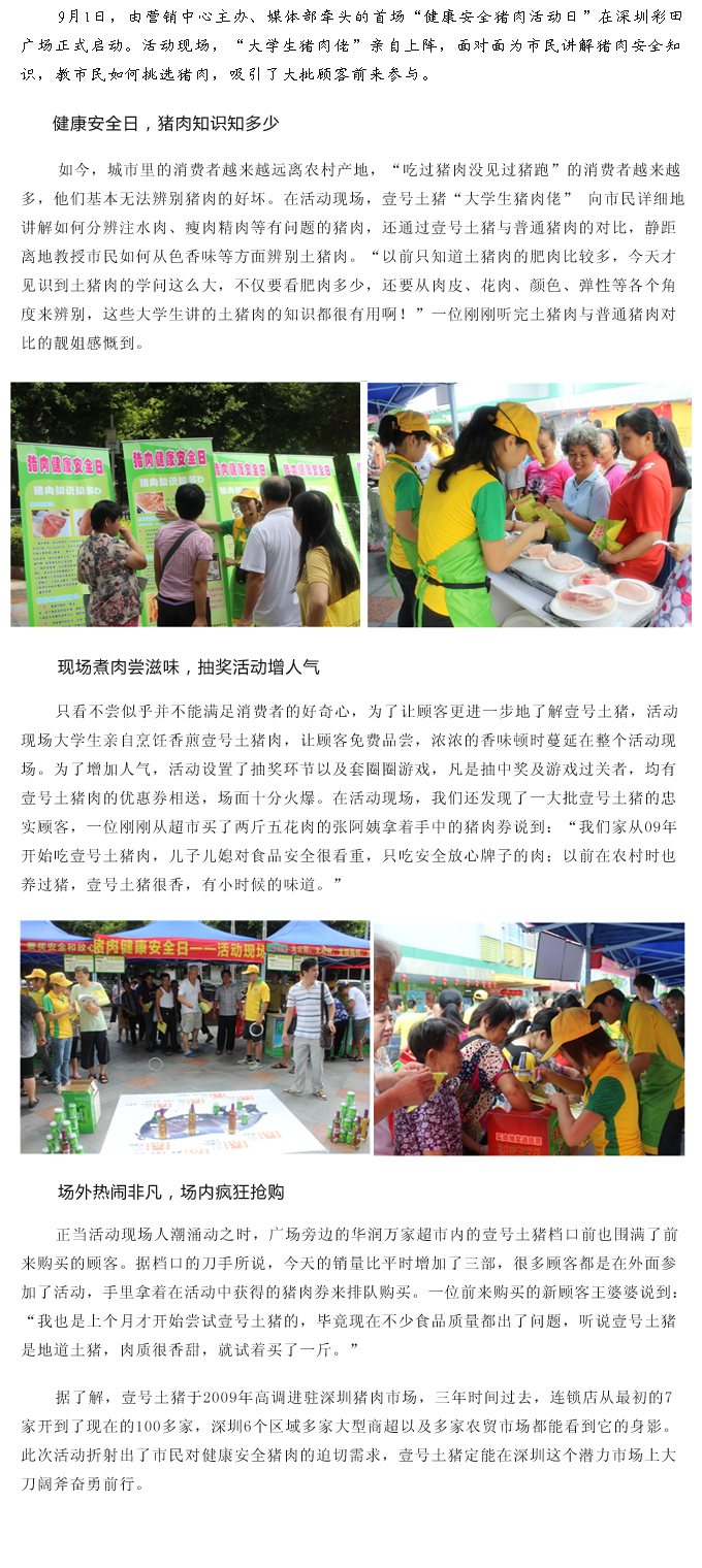 9月1日,由营销中心主办、媒体部牵头的首场“健康安全猪肉活动日”在深圳彩田广场正式启动。
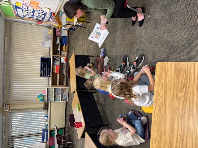 The children finally earned the privilege of having Mrs. Eberhardt come to read a book to them while they enjoyed a fruit cup! The interesting part is that the students chose to eat fruit instead of sweets! She read a biography about Martin Luther King, Jr. They behaved extremely well while their special visitor was here. Great job, students!!
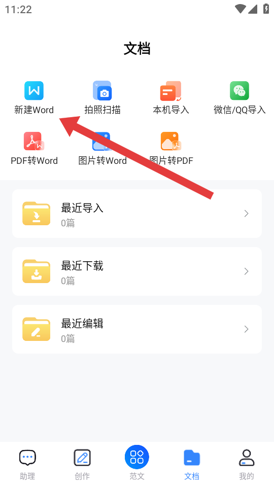 3、進入文檔欄目的界面,可以選擇點擊新建Word的選項,開始創(chuàng)建自己新的Word文檔進行使用。
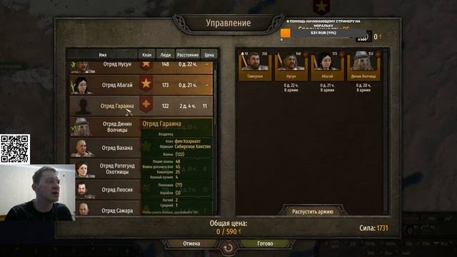Начинаю новое прохождение в Mount and Blade , в стримерстве новичек , не судите строго. Сильно разозлили Сибирское ханство - Тамерлан атакуеее
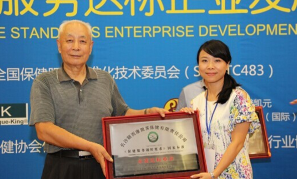 颐而康作为由国家质检总局确定的全国同行业唯一一家“国家级服务业标准化试点单位”,全司集中力量从门店装饰装修,服务流程,产品管理,卫生标准,管理制度等各个方面工作入手,调研,研讨,学习,撰写标准化手册,落实标准要求。在此期间公司全员付出了极大的心血与努力。此次作为国家首批达标单位,我下属长沙颐而康雨芙保健有限责任公司(颐而康万家丽路钻石店)在北京接受“保健服务通用要求国家级通用标准达标单位”授牌,实属名至实归。我公司也将在标准化的工作上继续努力,为全国同行业树立标杆。
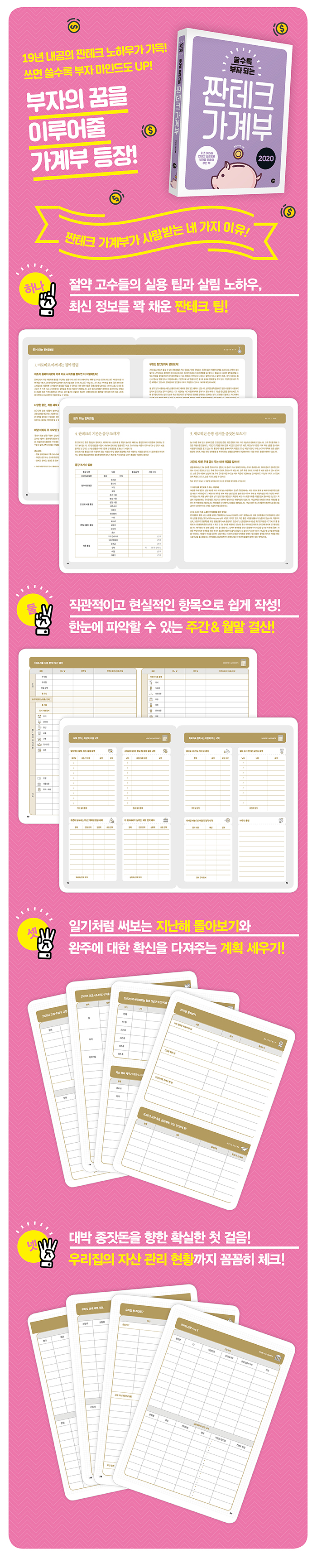 한 권의 살림 책을 보듯 읽어나가는 9가지 짠테크 팁! 사용자가 빈 칸을 어떻게 채울지 고민할 필요가 없도록 사용 가이드가 더욱 상세하게 작성되었다. 일부 작성이 어려운 항목은 예시를 참고해서 작성할 수 있도록 사용 가이드는 친절해졌다. 19년 내공 짠테크 고수들의 노하우를 담은 짠테크 팁은 언제 보아도 실질적인 도움이 될 수 있는 내용만을 담아 찾아보기 편하게 구성했다. 한 권의 책을 읽듯 편하게 읽다보면 재테크 고수가 되어있는 자신을 발견할 수 있을 것이다. 새로 추가된 ‘통장 쪼개기 실습, 연말정산, 간단한 냉파레시피, 간편 결제’의 내용은 가계부를 통해 재테크에 입문하는 사람들을 위한 지침이 되어줄 것이다. 완주는 완성이고, 완성은 성공이다! 자기 자신에 대한 이해로 가계부의 동기부여! 사용자가 삶에서 원하는 것이 무엇인지, 가계의 사정은 어떤지 파악하기 위한 정리표를 앞쪽에 배치하고 있다. 이를 통해 가계부를 작성하기 전 스스로를 돌아보고, 원하는 미래는 무엇인지 그려보는 시간을 가질 수 있을 것이다. 그 목표가 뚜렷할수록 완주에 대한 확신이 점점 커져가는 것을 느낄 수 있을 것이다. 자산 관리 전문가의 조언으로 작성된 계정 항목으로 가계부 완주를 가능하게 만드는 직관적인 작성 흐름! 2020년 개정판에서는 짠돌이카페 회원들의 의견과 자산 관리 전문가의 도움을 받아 정기/수시 지출 항목을 다시 선정했다. 꼼꼼하게 작성된 계정 항목은 ‘이 사용 내역은 어떤 분류인지’ 심각하게 고민하느라 시간을 허비하지 않도록 도움을 줄 것이다. 다양한 혜택과 자산을 한눈에 파악하고 관리할 수 있도록 월말 결산도 강화되었다. 특히 카드 혜택을 챙겨주는 카드 결제 내역 기록표, 연말 정산과 세금 공제 혜택을 위한 현금 및 간편 결제 내역 기록표, 저축액과 채무 잔액 기록표를 통해서 한 달에 발생한 자산의 이동을 빠짐없이 확인할 수 있다. 가계부의 작성은 월초에 고정 지출과 여윳돈을 가늠해보고, 주별로 실제 사용 내역을 작성해서 매달 끝에는 한 달 동안의 자금 변화를 확인하는 순으로 진행되는데. 사용자가 가장 직관적으로 자신의 수입과 지출, 자산 현황을 파악할 수 있도록 구성되었다. 정말로 써보면 아는데……. 사용성 개선으로 NON-뒤적뒤적 시스템 가계부가 쓰기 편하려면 어떻게 페이지를 구성해야 할지 고민했다. 《짠테크 가계부》는 주간 기록을 월간 기록으로 옮겨 적을 때, 힘들게 모든 페이지를 옮겨 다닐 필요가 없다. 살짝 힌트를 주면, ‘살짝 넘겨보기’만 하면 된다. 수도 없이 가계부를 뒤적이는 수십, 수백만 가계부 라이터의 소중한 엄지와 검지의 지문을 지켜주고 싶었다. |
***
## [Try it]
Set down the records above exactly as written, beginning with the first line and ending with the line that contains "3、進入文檔欄目的界面,可以", and do not include pictures.

## [Result of the exercise]
 9月1日,由营销中心主办、媒体部牵头的首场“健康安全猪肉活动日”在深圳彩田广场正式启动。
 The children finally earned the privilege of having Mrs. Eberhardt come to read a book to them while they enjoyed a fruit cup! The interesting part is that the students chose to eat fruit instead of sweets! She read a biography about Martin Luther King, Jr. They behaved extremely well while their special visitor was here. Great job, students!!
 3、進入文檔欄目的界面,可以選擇點擊新建Word的選項,開始創(chuàng)建自己新的Word文檔進行使用。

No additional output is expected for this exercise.